Why an attack on Medicaid is an attack on Maine’s people


July 7, 2017

Editor’s note: The following op-ed, by Dr. Cathleen London and CHN’s Deborah Weinstein, appears today in the Portland Press Herald.

One of us is a doctor in Milbridge, battling on the front lines of the opioid epidemic. The other is executive director of a human needs advocacy group in Washington, D.C., battling on the front lines of the health care and budget fights in Congress.

We are deeply concerned – as are many Maine families – about proposed massive cuts to Medicaid, both in terms of dollars (hundreds of billions) and the number of people who would lose care tens of millions of Americans.

Why are we so concerned? Let’s look at the numbers. According to the nonpartisan Kaiser Family Foundation, 267,000 Mainers received quality health coverage through Medicaid or through the Children’s Health Insurance Program. Most Medicaid recipients are children, pregnant women, seniors and people with disabilities. Maine is a relatively poor state (almost one-third of Maine’s residents are considered low-income); roughly one in five people receives coverage from Medicaid or CHIP.

But let’s dig a little deeper into the most recent numbers – that will help us understand what’s at stake and why people are deeply concerned.

In 2014, Medicaid provided 76,900 people with disabilities in Maine access to critical care that helps them live independently. That’s more than a third of Mainers with disabilities.
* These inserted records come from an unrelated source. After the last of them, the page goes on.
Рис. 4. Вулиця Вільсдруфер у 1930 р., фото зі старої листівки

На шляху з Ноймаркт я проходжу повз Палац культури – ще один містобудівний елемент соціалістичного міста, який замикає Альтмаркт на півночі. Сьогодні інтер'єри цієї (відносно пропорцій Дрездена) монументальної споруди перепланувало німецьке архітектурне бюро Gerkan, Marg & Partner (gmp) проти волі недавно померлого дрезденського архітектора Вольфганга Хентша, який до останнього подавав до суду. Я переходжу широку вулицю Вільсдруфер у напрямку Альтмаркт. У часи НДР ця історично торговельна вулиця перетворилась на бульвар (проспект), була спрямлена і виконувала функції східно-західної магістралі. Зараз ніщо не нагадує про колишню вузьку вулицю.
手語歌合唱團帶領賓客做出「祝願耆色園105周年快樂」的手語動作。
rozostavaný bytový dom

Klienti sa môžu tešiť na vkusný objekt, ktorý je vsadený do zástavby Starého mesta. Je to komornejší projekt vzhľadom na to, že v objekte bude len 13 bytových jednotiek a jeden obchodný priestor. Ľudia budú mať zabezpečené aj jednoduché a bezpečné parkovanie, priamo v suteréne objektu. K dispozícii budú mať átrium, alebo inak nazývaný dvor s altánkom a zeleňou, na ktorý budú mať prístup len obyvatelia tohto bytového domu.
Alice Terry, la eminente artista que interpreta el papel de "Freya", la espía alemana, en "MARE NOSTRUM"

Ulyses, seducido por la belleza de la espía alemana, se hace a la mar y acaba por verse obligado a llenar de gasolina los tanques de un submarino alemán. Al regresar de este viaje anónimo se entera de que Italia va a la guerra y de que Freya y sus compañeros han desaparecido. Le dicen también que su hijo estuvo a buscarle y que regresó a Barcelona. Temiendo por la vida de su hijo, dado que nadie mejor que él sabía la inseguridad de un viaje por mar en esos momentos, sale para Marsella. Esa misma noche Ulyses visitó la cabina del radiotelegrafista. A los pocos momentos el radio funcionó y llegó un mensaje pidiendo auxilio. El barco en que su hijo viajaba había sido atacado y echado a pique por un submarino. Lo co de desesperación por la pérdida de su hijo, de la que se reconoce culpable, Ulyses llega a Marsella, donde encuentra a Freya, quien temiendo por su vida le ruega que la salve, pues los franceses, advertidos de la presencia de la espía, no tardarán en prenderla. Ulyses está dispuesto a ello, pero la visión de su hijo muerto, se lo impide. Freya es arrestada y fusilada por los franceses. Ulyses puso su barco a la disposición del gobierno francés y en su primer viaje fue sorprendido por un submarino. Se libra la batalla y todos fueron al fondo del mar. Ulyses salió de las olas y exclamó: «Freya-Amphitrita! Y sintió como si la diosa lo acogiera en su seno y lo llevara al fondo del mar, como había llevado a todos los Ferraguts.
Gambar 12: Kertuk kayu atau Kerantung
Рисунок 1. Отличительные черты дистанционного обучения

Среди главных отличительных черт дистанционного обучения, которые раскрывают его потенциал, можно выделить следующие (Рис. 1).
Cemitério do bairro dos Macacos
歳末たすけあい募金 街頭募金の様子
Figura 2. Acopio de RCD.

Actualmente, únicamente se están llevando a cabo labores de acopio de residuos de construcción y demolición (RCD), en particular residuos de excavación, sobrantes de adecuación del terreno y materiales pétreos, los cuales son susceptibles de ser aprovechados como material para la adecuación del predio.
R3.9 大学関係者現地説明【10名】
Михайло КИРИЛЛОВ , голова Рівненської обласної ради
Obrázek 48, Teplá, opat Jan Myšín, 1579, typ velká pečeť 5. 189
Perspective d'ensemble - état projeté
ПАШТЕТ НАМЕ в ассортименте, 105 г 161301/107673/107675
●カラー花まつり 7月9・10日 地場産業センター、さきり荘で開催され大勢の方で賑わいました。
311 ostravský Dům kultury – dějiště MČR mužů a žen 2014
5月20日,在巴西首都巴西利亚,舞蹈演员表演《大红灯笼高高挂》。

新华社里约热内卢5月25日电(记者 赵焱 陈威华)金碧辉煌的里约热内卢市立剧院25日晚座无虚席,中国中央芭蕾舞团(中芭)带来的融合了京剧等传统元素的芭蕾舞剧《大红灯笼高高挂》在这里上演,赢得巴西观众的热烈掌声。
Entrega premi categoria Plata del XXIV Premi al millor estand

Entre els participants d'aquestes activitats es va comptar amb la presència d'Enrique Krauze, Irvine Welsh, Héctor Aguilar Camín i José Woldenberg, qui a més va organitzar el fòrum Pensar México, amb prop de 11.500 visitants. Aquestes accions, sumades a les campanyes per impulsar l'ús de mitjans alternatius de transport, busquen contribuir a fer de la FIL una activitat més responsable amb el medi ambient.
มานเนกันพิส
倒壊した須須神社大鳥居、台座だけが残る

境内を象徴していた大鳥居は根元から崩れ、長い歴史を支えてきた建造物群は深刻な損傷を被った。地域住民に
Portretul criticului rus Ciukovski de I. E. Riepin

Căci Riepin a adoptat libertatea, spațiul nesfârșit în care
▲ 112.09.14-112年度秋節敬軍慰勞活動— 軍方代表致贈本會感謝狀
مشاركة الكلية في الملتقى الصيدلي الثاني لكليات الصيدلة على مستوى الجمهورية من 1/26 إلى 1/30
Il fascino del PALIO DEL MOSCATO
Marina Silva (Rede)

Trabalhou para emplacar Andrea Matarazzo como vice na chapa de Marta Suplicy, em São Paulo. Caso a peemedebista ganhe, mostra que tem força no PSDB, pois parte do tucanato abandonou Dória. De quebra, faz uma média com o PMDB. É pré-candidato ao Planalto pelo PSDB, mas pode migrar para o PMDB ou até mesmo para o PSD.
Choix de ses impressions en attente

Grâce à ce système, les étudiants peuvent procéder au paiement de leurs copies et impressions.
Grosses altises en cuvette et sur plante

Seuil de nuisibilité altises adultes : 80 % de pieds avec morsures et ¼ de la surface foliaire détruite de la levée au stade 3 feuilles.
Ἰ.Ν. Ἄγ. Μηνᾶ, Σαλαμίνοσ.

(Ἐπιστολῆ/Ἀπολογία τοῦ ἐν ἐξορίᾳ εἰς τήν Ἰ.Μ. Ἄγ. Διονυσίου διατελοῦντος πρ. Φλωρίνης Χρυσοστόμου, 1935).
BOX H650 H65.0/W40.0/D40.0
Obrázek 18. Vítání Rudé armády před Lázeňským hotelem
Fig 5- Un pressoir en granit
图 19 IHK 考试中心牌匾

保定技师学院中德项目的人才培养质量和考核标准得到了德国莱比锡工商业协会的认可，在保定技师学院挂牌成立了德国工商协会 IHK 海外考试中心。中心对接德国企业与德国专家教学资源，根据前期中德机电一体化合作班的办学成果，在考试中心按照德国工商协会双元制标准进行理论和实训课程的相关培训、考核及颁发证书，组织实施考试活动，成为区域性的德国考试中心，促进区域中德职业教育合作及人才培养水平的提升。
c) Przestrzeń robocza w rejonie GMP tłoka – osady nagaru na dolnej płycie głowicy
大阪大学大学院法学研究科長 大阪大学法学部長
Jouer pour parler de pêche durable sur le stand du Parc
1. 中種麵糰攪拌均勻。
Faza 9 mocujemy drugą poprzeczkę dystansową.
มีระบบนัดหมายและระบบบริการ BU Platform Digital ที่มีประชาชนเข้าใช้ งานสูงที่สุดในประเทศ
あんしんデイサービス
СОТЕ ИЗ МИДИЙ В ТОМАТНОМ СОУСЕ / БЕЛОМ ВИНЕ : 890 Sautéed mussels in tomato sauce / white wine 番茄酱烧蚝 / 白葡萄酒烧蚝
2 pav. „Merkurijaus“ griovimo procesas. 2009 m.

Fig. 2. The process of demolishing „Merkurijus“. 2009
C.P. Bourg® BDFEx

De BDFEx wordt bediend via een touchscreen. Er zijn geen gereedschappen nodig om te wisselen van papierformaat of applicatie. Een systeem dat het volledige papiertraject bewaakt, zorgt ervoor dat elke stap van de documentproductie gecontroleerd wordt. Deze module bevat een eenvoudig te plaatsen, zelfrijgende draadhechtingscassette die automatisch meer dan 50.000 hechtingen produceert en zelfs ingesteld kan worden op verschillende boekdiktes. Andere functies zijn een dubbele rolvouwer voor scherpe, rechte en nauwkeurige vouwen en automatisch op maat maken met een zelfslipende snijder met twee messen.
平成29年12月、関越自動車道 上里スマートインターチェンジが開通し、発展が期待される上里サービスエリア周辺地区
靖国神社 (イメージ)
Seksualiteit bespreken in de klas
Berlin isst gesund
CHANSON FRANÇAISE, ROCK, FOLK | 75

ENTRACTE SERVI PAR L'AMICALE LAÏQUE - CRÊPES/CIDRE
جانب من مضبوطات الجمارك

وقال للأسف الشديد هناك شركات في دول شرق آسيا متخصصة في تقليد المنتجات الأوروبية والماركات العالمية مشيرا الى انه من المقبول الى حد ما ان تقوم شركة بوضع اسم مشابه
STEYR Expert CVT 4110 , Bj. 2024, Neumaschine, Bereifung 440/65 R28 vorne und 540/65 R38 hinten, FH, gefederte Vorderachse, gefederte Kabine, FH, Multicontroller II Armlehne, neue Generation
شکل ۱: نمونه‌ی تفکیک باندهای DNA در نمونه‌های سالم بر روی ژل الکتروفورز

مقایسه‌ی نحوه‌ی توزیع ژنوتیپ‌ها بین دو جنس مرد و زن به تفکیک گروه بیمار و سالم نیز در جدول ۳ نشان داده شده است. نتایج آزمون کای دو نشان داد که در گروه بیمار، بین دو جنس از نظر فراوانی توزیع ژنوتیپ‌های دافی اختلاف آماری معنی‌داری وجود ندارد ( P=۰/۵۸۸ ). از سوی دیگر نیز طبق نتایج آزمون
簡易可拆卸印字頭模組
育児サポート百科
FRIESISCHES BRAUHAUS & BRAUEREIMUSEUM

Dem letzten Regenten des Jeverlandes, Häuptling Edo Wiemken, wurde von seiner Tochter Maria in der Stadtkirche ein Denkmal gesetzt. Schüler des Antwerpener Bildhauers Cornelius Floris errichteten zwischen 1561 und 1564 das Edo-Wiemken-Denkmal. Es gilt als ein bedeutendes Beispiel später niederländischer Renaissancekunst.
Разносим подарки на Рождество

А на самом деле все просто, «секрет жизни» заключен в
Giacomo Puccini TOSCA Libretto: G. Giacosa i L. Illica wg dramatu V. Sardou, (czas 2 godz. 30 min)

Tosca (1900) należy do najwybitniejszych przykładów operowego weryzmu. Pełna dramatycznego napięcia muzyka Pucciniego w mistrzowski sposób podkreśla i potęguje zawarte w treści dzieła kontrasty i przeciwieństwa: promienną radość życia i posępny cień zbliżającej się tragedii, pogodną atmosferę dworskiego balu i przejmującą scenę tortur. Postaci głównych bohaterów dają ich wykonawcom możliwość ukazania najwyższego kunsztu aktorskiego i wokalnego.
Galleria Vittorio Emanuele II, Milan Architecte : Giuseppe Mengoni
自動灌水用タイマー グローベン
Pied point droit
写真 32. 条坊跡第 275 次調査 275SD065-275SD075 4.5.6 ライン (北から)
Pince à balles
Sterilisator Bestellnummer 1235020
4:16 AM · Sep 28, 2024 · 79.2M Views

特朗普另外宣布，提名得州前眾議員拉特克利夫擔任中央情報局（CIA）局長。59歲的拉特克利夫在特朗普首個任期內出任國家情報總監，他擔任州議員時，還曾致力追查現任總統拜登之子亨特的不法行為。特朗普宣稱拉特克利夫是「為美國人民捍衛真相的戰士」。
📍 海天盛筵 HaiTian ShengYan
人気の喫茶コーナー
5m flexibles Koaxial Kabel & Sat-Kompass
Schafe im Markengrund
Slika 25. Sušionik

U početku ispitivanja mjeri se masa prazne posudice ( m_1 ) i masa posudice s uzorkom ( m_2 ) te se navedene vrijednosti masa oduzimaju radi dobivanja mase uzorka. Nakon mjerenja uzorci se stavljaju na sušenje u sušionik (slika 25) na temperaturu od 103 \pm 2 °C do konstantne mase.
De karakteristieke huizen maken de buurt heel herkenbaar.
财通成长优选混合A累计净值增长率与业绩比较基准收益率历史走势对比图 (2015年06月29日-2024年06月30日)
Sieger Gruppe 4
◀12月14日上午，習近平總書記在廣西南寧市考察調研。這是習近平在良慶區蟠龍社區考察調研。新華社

I think of my patient Gwen, who recently lost a leg from her continued smoking. She has tried to stop, but addictions are hard. She can still live at home because of the help she receives from MaineCare, including the rides to my office. What will become of her? Or my patient Nancy, who became a paraplegic after being a passenger in a car accident. She is still home with her mother, brothers and young daughter. I still have to fight for many of the things she needs (like a lift to help her get out of bed), but she is home with family. What becomes of her?

In 2014, Medicaid provided 64,500 of Maine’s seniors with health care, including nursing home care and services that help them live at home. That’s 29 percent of the state’s senior population.
In 2015, Medicaid helped 5,421 of Maine’s babies get a healthy start in life. That was 43 percent of the births in the state. Yes, you read that correctly – nearly half of the babies in Maine rely on Medicaid for their care, meaning that Maine’s kids are particularly vulnerable to cuts to Medicaid. Every single child I see in the office in Milbridge is on MaineCare. Yes, 100 percent.

If there are cuts and children lose access to preventive services, we will lose another generation. We already have a rising infant mortality rate in Maine. Imagine how much worse that would be if pregnant women do not have access to care.

And, of course, there is the crisis of opioid addiction. In 2015, Maine recorded an opioid death rate of 19.3 people per 100,000 population – that is almost double the national average and was an alarming 41 percent increase from the fatal opioid overdose rate the year before. Preliminary numbers from 2016 are higher.

More people are dying from opioid addiction than from the wars in Afghanistan and Iraq combined, or from HIV. Or gun violence. Or car accidents.

Last year, Maine experienced 376 overdose deaths, more than one per day, and of those, 313 deaths were attributed to opioids. What happens to Robin, a mother of two small children, who is now stable on Suboxone and coming to weekly groups to face what led her down the rabbit hole of addiction to begin with? What happens to John, a fisherman who no longer loses all his income to heroin but now can support his family because he’s in recovery?

The beauty of Medicaid is that the program can expand to cover emergencies like opioids or other health crises, like Zika or swine flu (or whatever the next epidemic will be).
But Medicaid cannot expand to effectively address the next emergency that is coming down the road if we cut the program by hundreds of billions of dollars and restructure it practically out of existence. Maine already reimburses at one of the lowest rates in the country, which may explain the low rate of health care providers who’ve gotten the required federal waiver to prescribe buprenorphine (only 4 percent of eligible prescribers rise to this challenge).

The proposed cuts both in the Senate health care legislation and in a budget proposal soon to be brought forward in the Republican-controlled House are a direct attack on the interests of the people of Maine. We must ask our members of Congress, Sens. Susan Collins and Angus King, and Reps. Chellie Pingree and Bruce Poliquin, to defend Maine’s most vulnerable people.


Dr. Cathleen London

 is a family medicine physician in Milbridge and state director of Doctors for America, and Deborah Weinstein is executive director of the Coalition on Human Needs, an alliance of over 100 national anti-poverty organizations.